Data
━━━
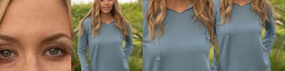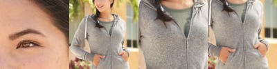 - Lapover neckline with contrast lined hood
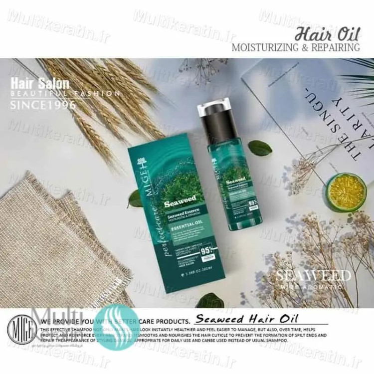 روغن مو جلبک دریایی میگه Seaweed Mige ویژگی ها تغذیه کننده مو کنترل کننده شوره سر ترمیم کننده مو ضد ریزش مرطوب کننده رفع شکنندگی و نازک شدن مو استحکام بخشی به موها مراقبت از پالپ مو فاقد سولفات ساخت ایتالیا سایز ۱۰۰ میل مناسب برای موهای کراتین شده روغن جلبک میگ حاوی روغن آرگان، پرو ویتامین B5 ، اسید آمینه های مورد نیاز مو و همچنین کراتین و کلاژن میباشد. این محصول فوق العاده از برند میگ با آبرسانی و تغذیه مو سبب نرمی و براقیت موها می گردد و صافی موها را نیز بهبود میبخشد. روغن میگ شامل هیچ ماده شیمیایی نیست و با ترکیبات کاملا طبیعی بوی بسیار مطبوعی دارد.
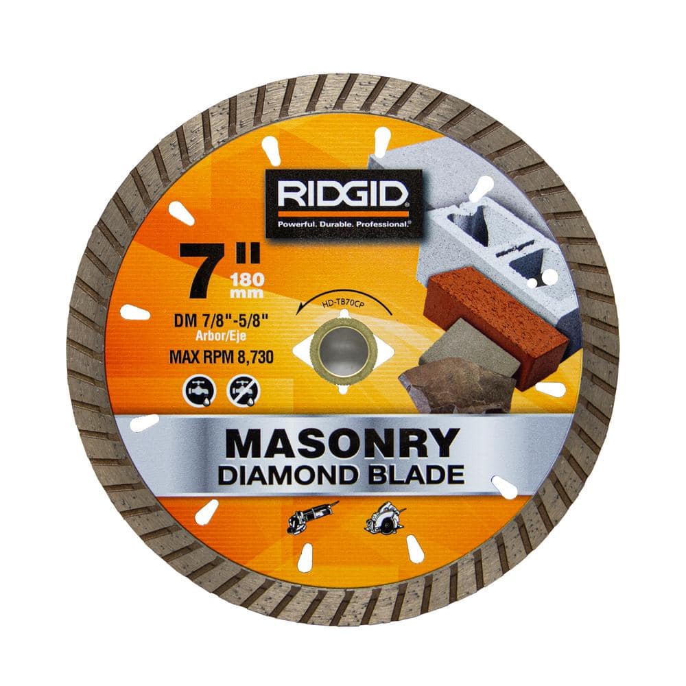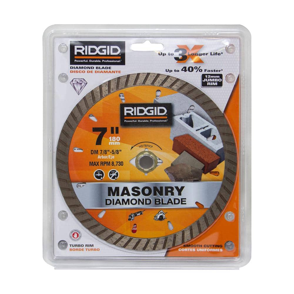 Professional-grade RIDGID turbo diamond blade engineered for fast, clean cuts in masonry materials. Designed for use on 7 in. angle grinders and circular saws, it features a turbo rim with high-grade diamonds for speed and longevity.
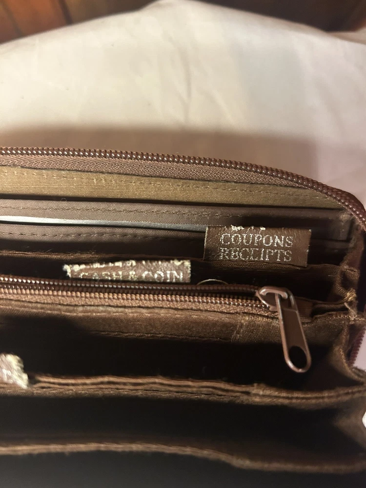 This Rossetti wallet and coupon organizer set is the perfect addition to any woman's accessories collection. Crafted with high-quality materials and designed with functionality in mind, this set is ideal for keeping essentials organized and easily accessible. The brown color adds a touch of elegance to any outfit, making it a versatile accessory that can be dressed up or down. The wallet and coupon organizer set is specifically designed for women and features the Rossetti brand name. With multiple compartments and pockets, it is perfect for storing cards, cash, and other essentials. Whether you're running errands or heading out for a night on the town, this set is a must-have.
━━━
To do
Set down all of the material word for word, but keep each picture out.

Answer for this exercise
 - Lapover neckline with contrast lined hood
 روغن مو جلبک دریایی میگه Seaweed Mige ویژگی ها تغذیه کننده مو کنترل کننده شوره سر ترمیم کننده مو ضد ریزش مرطوب کننده رفع شکنندگی و نازک شدن مو استحکام بخشی به موها مراقبت از پالپ مو فاقد سولفات ساخت ایتالیا سایز ۱۰۰ میل مناسب برای موهای کراتین شده روغن جلبک میگ حاوی روغن آرگان، پرو ویتامین B5 ، اسید آمینه های مورد نیاز مو و همچنین کراتین و کلاژن میباشد. این محصول فوق العاده از برند میگ با آبرسانی و تغذیه مو سبب نرمی و براقیت موها می گردد و صافی موها را نیز بهبود میبخشد. روغن میگ شامل هیچ ماده شیمیایی نیست و با ترکیبات کاملا طبیعی بوی بسیار مطبوعی دارد.
 Professional-grade RIDGID turbo diamond blade engineered for fast, clean cuts in masonry materials. Designed for use on 7 in. angle grinders and circular saws, it features a turbo rim with high-grade diamonds for speed and longevity.
 This Rossetti wallet and coupon organizer set is the perfect addition to any woman's accessories collection. Crafted with high-quality materials and designed with functionality in mind, this set is ideal for keeping essentials organized and easily accessible. The brown color adds a touch of elegance to any outfit, making it a versatile accessory that can be dressed up or down. The wallet and coupon organizer set is specifically designed for women and features the Rossetti brand name. With multiple compartments and pockets, it is perfect for storing cards, cash, and other essentials. Whether you're running errands or heading out for a night on the town, this set is a must-have.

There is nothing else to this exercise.